Could your old septic tank be driving a growth in antimicrobial resistant bacteria?

It’s possible, say the authors of a University of Georgia study that identified aging sewer lines and septic systems as the primary drivers of antibiotic resistant bacteria contamination in their samples.

This finding flips the script on the assumption that agriculture runoff or treated wastewater outflows are the main ways antibiotic resistant bacteria are introduced to water systems.

The paper, which was published recently in Water Research, compared water samples that had high levels of antibiotic resistant genes (ARGs) to land use, sewer and septic systems data to determine the source of contamination.

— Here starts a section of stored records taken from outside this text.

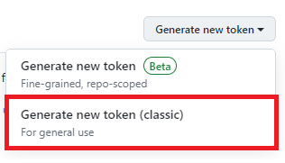 右上のGenerate new token→Generate new token(classic)クリック
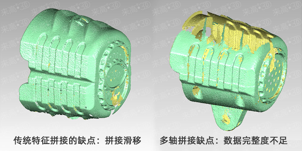 一般三維掃描儀基本都具備特征拼接功能,有了這個(gè)功能后,三維掃描儀在掃描過(guò)程中可以省去粘貼標(biāo)志點(diǎn)的步驟。但是目前在三維掃描操作中,多數(shù)使用者依然選擇采用標(biāo)志點(diǎn)拼接,其主要原因是特征拼接功能存在著許多的弊端,比如數(shù)據(jù)錯(cuò)層整體精度差相鄰數(shù)據(jù)相交范圍大容易拼接失敗等等,而在實(shí)際工作中,這些問(wèn)題遠(yuǎn)比粘貼標(biāo)志點(diǎn)的代價(jià)更大。針對(duì)以上問(wèn)題,來(lái)高科技研發(fā)團(tuán)隊(duì)通過(guò)不懈努力,不斷地實(shí)驗(yàn)及改進(jìn),最終研發(fā)出了混合式特征拼接算法
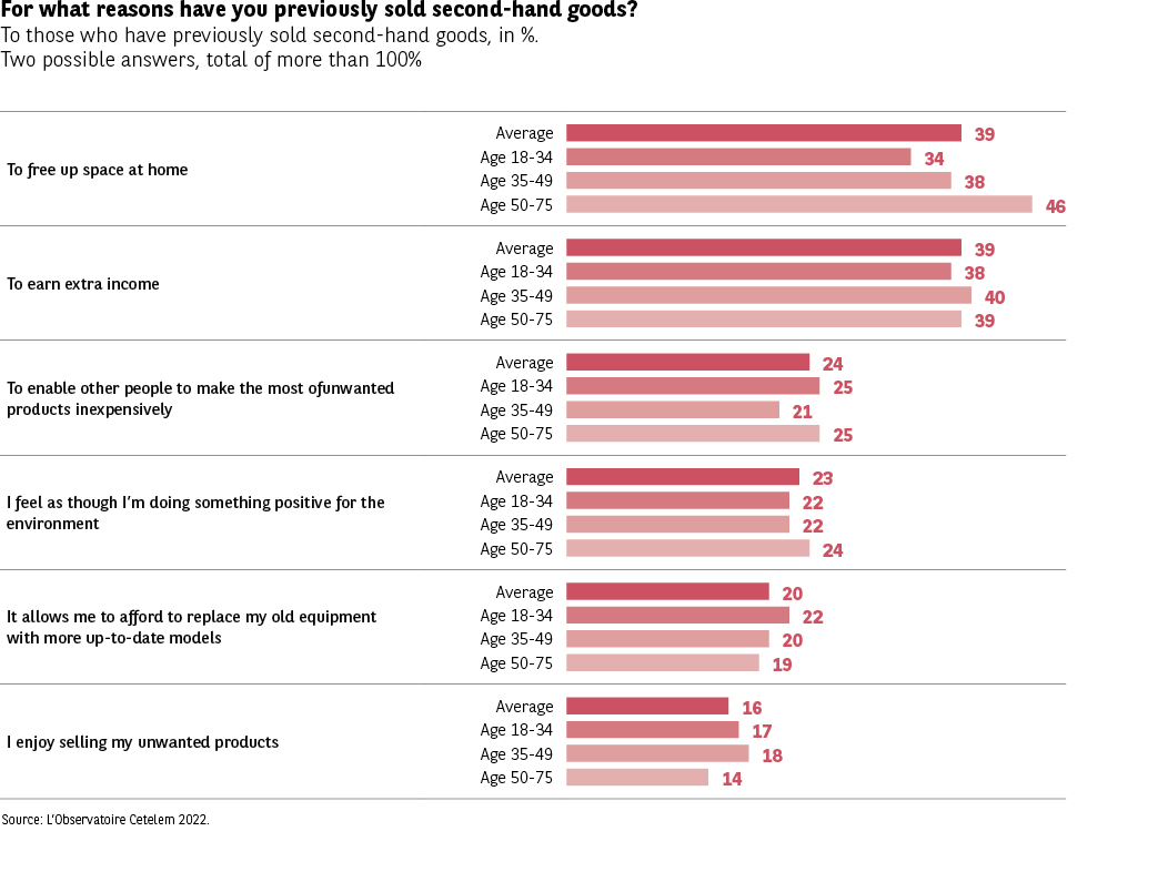 Context: Multiple-choice responses in percent about motivations for selling used items.

Antibiotic resistance continues to be a major threat to human health. The Centers for Disease Control and Prevention first sounded the alarm to the threat of antimicrobial resistance in 2013, two years later, the World Health Organization issued guidance to combat antimicrobial resistance using a One Health framework that considers the intersecting impacts that humans, animals and the environment have on each other.

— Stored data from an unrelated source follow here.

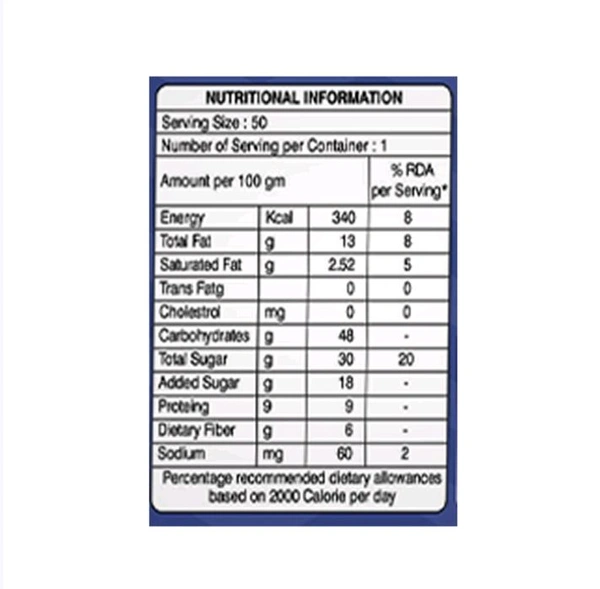Whole wheat flour, oats, jaggery powder, brown sugar, milk powder, sunflower oil, butter, blueberry, common salt, baking powder, rising agent (esooii), preservative (ins 202, ins 282), acidity regulator (ins 330)
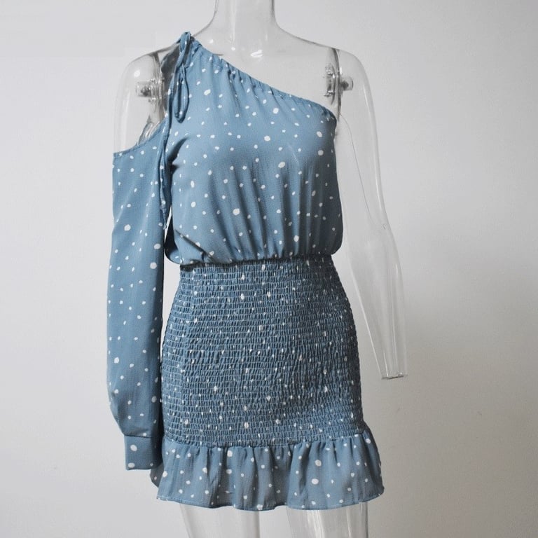 Asymmetrical Mini Dress with Polka Dots
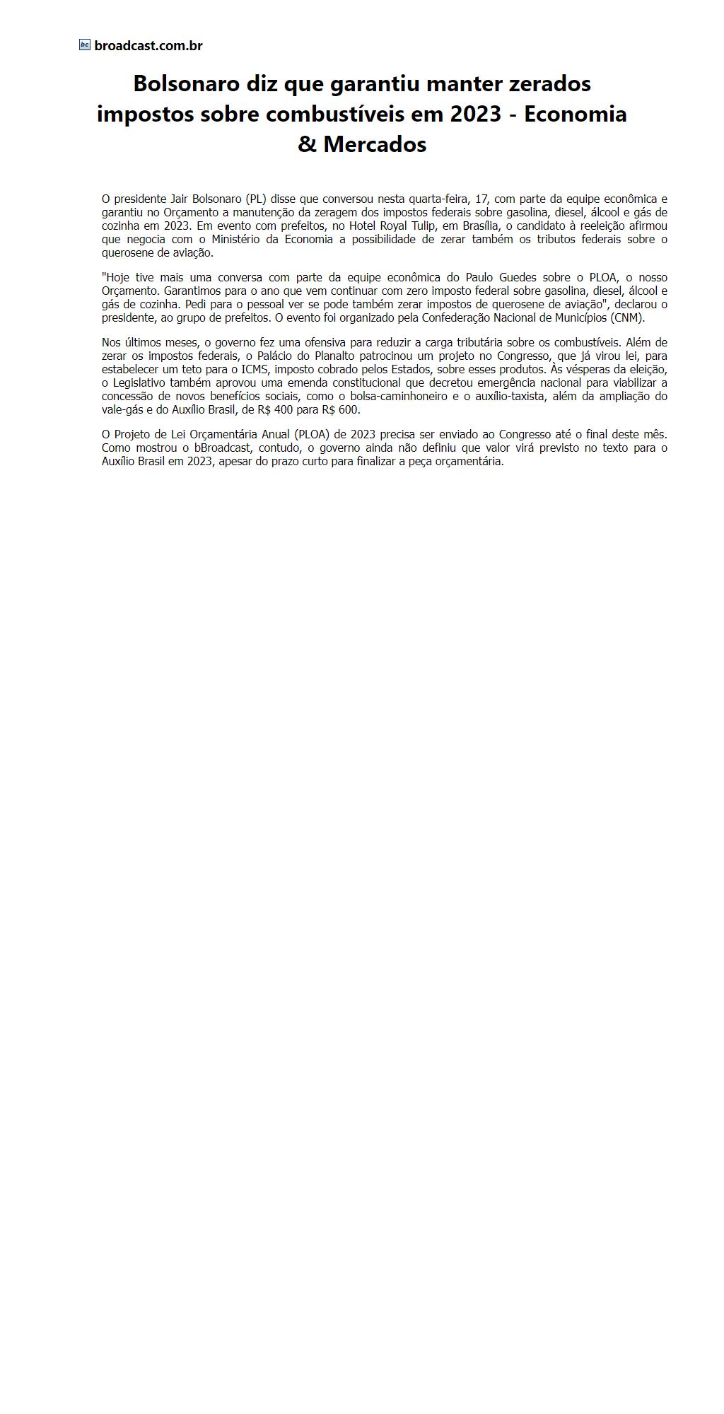 Bolsonaro diz que garantiu manter zerados impostos sobre combustíveis em 2023

In that vein, scientists have been paying close attention to the ways that human and animal waste enters watersheds, which can be a breeding ground for antimicrobial resistant bacteria.

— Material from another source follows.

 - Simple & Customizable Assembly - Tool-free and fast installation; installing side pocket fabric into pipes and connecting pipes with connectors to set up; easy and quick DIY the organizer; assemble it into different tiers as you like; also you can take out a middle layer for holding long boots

“There was some recent work out of the USDA in Athens showing that there were widespread antibiotic resistant pathogens in the local streams, so I grew interested in understanding where that was coming from, was it run off from agriculture, either cattle farms in the area or poultry houses, or whether it might be linked to human wastewater,” said senior author Elizabeth Ottesen, an associate professor of microbiology in UGA’s Franklin College of Arts & Sciences.

Ottesen and a team of scientists from UGA, including the College of Public Health and the Odum School of Ecology, the U.S. Department of Agriculture and volunteers from the Upper Oconee Watershed Network collected nearly 1,000 stream samples from 115 sites over 5 years. Then, the samples were analyzed to determine the amount of human and animal fecal waste and ARGs present in them.

“Our initial assumption was that the primary source of human fecal contamination would be incomplete processing of wastewater at the wastewater treatment plant because most of the discussion around human sources of antimicrobial resistance in waters has really focused on wastewater treatment outflows,” she said.